Android Audio latency讲解
- Android avsync
- Audio::SetParameters
- ExoPlayer Sync
- Audio SetParameters
- getTimestamp
- update 2023/02/15
- MediaSync
- QA
最近在作音频的优化, 需要将参数传到audio hal, 记录下。
Android avsync
Audio::SetParameters
ExoPlayer Sync
Audio SetParameters
Android source
//打开设备
static int adev_open(const hw_module_t* module, const char* name,
hw_device_t** device)
{
ALOGI("adev_open(name=%s)", name);
struct submix_audio_device *rsxadev;
if (strcmp(name, AUDIO_HARDWARE_INTERFACE) != 0)
return -EINVAL;
rsxadev = (submix_audio_device*) calloc(1, sizeof(struct submix_audio_device));
if (!rsxadev)
return -ENOMEM;
rsxadev->device.common.tag = HARDWARE_DEVICE_TAG;
rsxadev->device.common.version = AUDIO_DEVICE_API_VERSION_2_0;
rsxadev->device.common.module = (struct hw_module_t *) module;
rsxadev->device.common.close = adev_close;
rsxadev->device.init_check = adev_init_check;
rsxadev->device.set_voice_volume = adev_set_voice_volume;
rsxadev->device.set_master_volume = adev_set_master_volume;
rsxadev->device.get_master_volume = adev_get_master_volume;
rsxadev->device.set_master_mute = adev_set_master_mute;
rsxadev->device.get_master_mute = adev_get_master_mute;
rsxadev->device.set_mode = adev_set_mode;
rsxadev->device.set_mic_mute = adev_set_mic_mute;
rsxadev->device.get_mic_mute = adev_get_mic_mute;
rsxadev->device.set_parameters = adev_set_parameters;
rsxadev->device.get_parameters = adev_get_parameters;
rsxadev->device.get_input_buffer_size = adev_get_input_buffer_size;
rsxadev->device.open_output_stream = adev_open_output_stream;
rsxadev->device.close_output_stream = adev_close_output_stream;
rsxadev->device.open_input_stream = adev_open_input_stream;
rsxadev->device.close_input_stream = adev_close_input_stream;
rsxadev->device.dump = adev_dump;
for (int i=0 ; i < MAX_ROUTES ; i++) {
memset(&rsxadev->routes[i], 0, sizeof(route_config));
strcpy(rsxadev->routes[i].address, "");
}
*device = &rsxadev->device.common;
return 0;
}
主要关注 set_parameters 和get_presentation_position。
流的结构
//打开流
static int adev_open_output_stream(struct audio_hw_device *dev,
audio_io_handle_t handle,
audio_devices_t devices,
audio_output_flags_t flags,
struct audio_config *config,
struct audio_stream_out **stream_out,
const char *address)
{
struct submix_audio_device * const rsxadev = audio_hw_device_get_submix_audio_device(dev);
ALOGD("adev_open_output_stream(address=%s)", address);
struct submix_stream_out *out;
(void)handle;
(void)devices;
(void)flags;
*stream_out = NULL;
// Make sure it's possible to open the device given the current audio config.

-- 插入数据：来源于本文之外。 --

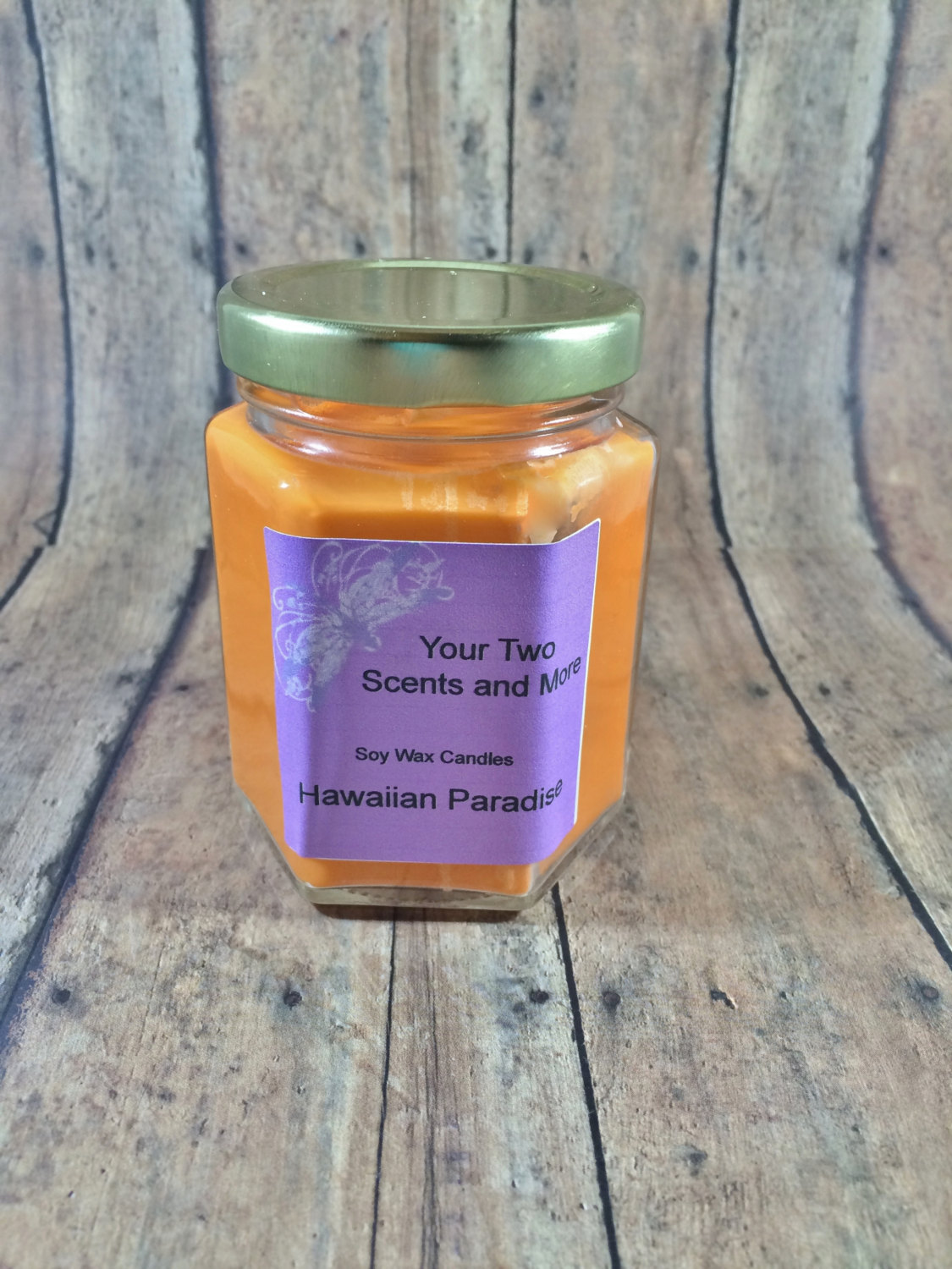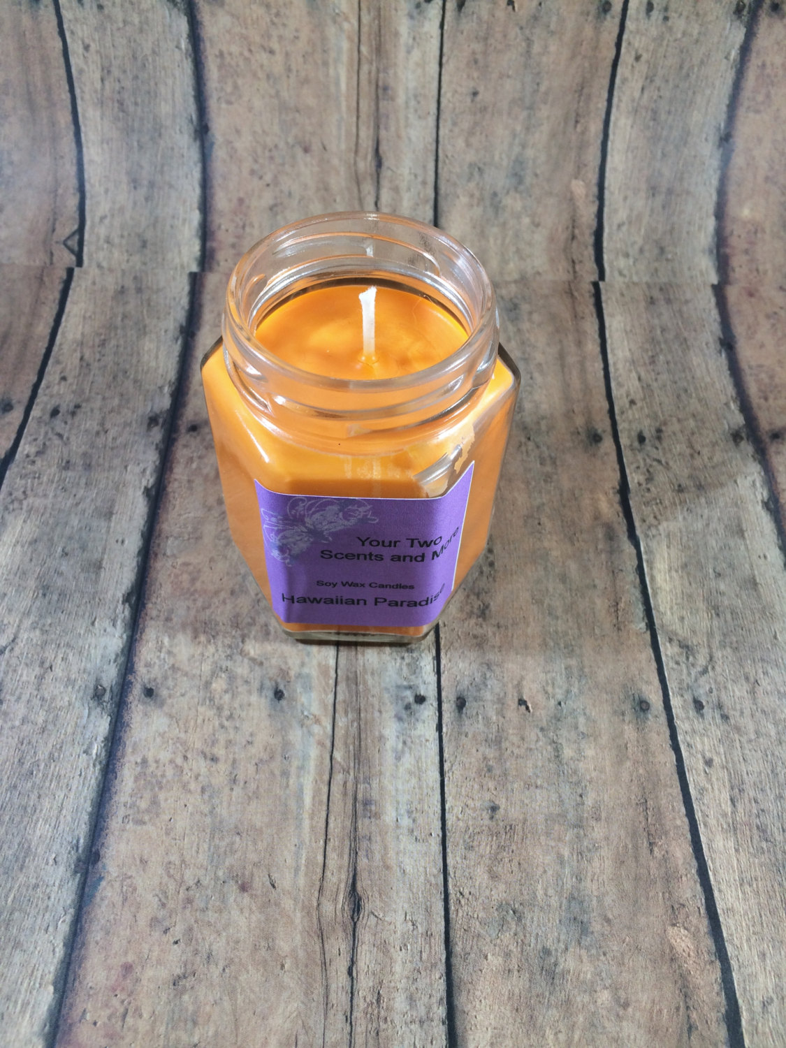 The purchase of this listing is for one homemade Hawaiian Paradise candle in a six-ounce hexagon jar with an approximate burn time of 42-49 hours.

submix_sanitize_config(config, false);
int route_idx = -1;
pthread_mutex_lock(&rsxadev->lock);
status_t res = submix_get_route_idx_for_address_l(rsxadev, address, &route_idx);
if (res != OK) {
ALOGE("Error %d looking for address=%s in adev_open_output_stream", res, address);
pthread_mutex_unlock(&rsxadev->lock);
return res;
}
if (!submix_open_validate_l(rsxadev, route_idx, config, false)) {
ALOGE("adev_open_output_stream(): Unable to open output stream for address %s", address);
pthread_mutex_unlock(&rsxadev->lock);
return -EINVAL;
}
out = (struct submix_stream_out *)calloc(1, sizeof(struct submix_stream_out));
if (!out) {
pthread_mutex_unlock(&rsxadev->lock);
return -ENOMEM;
}
// Initialize the function pointer tables (v-tables).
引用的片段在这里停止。